Independent monitoring by the United States Commission on International Religious Freedom documents the destruction and occupation of religious sites, the killing of clergy and civilians, and the deliberate obstruction of humanitarian aid by the military authorities. Churches, mosques and monasteries have been affected by airstrikes, shelling and arson. In some cases, places of worship have been occupied or used by troops, turning sites of prayer into military targets. Aid convoys have been blocked or prohibited, even in areas of acute need. Religious leaders have been detained and harassed.
I know there are many issues demanding the attention of this House, and there has just been a debate in the main Chamber about the same thing, but I often think of Galatians 6:9, which urges us not to grow weary in doing good, for in due season we will reap if we diligently sow. The Bible very clearly gives us a challenge—indeed, it is a directive—about what we should do. We must not allow Myanmar to become a forgotten crisis, where atrocities continue in plain sight. We must continue to do what we can to help the vulnerable and the needy, and there are many of them.
The junta’s violence is nationwide, but its impact is especially severe on minority communities and on religious life itself. The USCIRF reports that over 3.4 million people have been displaced in recent years. That includes some 90,000 people displaced in Christian-majority Chin state, and around 237,200 in Kachin state. Alongside this internal displacement, around 1 million Rohingya refugees remain in Cox’s Bazar in Bangladesh, living in prolonged exile, with absolutely no indication of when they will be able to return. That is one of the things we should look at today. I should have said that I am very pleased to see the Minister in her place. I always look forward to the Minister’s response. I wish her well in her role, and I look forward to her replies to our questions.
Those figures are not abstract. They represent families torn from their homes, congregations scattered, and communities unable to gather safely to worship. For many, the simple act of practising their faith has become a source of danger. This is not only a freedom of religion or belief issue viewed in isolation; it sits within a much wider framework of state violence. UN-linked reporting has documented systematic torture by Myanmar’s security forces, including cases involving children, as well as sexual abuse and sexual attacks on women and girls. I do not know whether it is my age, but I certainly get more affected by the things happening in the world than I ever did before. It is almost inconceivable to comprehend all the horror taking place.
It is important to note that FoRB violations in Myanmar are part of a broader pattern of repression and brutality.
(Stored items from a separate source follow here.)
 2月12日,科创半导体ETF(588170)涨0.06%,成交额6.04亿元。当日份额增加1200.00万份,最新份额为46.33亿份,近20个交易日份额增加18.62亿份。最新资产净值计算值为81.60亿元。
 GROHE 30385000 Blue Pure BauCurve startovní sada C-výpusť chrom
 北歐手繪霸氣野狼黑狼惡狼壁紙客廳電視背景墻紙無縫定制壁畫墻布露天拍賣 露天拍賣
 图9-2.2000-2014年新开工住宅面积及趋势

They are not isolated incidents. The plight of the Rohingya Muslims remains one of the gravest examples of this persecution. UN fact finders concluded that there were grounds to investigate senior Tatmadaw leaders for genocide and other international crimes, and they explicitly called for criminal investigation and prosecution. Can the Minister confirm whether she is aware of a criminal investigation taking place? Are there grounds for prosecution? Obviously, that would all be built on evidence, but has that started?
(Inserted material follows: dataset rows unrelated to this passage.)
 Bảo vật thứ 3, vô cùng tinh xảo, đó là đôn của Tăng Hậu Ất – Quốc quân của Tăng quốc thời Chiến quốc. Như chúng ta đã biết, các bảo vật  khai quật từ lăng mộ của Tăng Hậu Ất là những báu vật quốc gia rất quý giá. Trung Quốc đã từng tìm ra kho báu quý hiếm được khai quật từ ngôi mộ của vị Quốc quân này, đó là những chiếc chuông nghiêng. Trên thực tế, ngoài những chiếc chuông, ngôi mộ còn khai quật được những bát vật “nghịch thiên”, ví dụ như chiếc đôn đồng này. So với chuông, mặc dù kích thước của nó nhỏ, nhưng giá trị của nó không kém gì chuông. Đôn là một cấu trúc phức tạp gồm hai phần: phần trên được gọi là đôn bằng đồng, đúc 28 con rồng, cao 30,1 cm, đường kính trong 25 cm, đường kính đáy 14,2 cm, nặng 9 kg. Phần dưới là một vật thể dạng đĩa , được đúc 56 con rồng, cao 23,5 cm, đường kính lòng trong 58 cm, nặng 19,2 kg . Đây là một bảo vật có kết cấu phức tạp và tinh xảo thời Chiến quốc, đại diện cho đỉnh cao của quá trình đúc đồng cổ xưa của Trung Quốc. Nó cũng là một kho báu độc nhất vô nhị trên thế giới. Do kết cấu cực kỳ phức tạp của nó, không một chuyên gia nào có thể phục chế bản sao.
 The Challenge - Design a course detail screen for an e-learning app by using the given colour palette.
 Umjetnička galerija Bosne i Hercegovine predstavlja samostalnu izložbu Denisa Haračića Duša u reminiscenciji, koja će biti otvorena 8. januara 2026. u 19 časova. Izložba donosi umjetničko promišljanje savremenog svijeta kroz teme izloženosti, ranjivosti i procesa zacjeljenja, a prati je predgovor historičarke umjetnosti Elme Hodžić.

Crucially, this issue did not begin and end in 2017. Amnesty International has described a state-sponsored system of apartheid in Rakhine state marked by institutional discrimination, segregation and extreme restrictions on movement and daily life. Rohingya communities are confined, controlled and denied access to basic services. A people stripped of citizenship, boxed in by policy, and punished for trying to move—this is not merely insecurity; it is engineered oppression.
Christian communities have also suffered targeted attacks, particularly in Chin, Kachin and Karenni areas. The USCIRF documents repeated attacks on churches and confirms that the military has destroyed religious buildings and killed clergy and civilians through airstrikes and arson. The USCIRF further reports that at least 128 religious persons have been detained by the authorities, including 113 Buddhist monks, one imam and 14 Christians. These are not random arrests. They reflect a deliberate effort to intimidate religious leadership and community life. There are many examples, but one case in particular brings this into sharp focus: Rev. Hkalam Samson of the Kachin Baptist Convention—a respected Christian leader who is much loved in his area—was arrested, granted amnesty, and then re-arrested within hours. This is injustice. It is harassment, designed to send a message that no religious leader is beyond reach—no religious leader is safe.
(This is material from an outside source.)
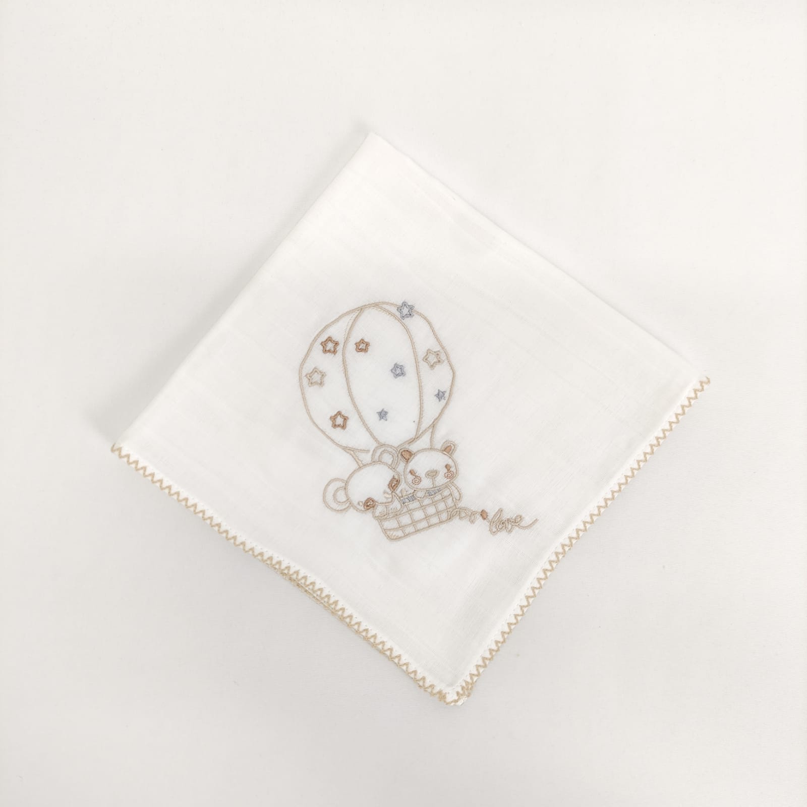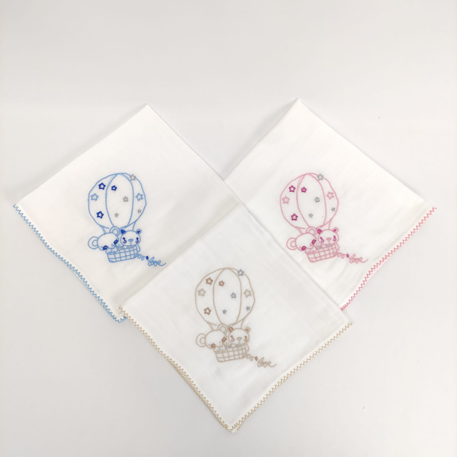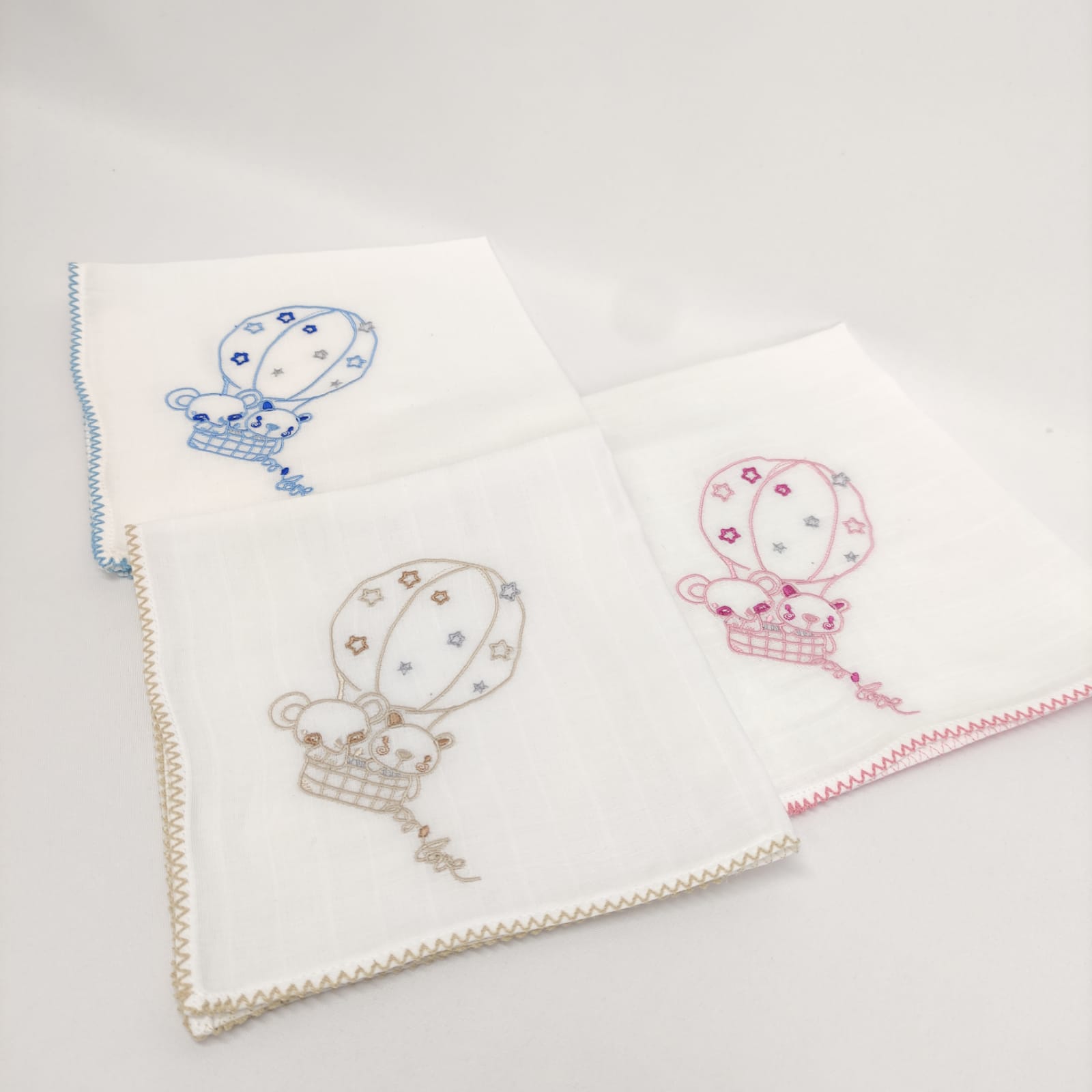Fralda em algodão com acabamento em beijinho e bordado infantil de "balões" Acabamento e bordado disponíveis em azul, bege e rosa.

More broadly, independent monitoring documents attacks and intimidation affecting multiple faith communities in churches, mosques and monasteries, and across several regions and states. When places of worship themselves become targets, freedom of religion or belief ceases to exist in any meaningful sense in the area—not just for the places of worship themselves, but for the practising Christians, Rohingya Muslims and people of other faiths as well.
We must also be clear about why these abuses occur. Many analysts argue that the Tatmadaw has long instrumentalised race and religion narratives to legitimise repression. It is beyond dispute that independent monitoring documents repeated targeting of religious leaders and religious sites across communities, reflecting persecution linked to identity rather than military necessity. They are being targeted because of who they are—because of their religious beliefs.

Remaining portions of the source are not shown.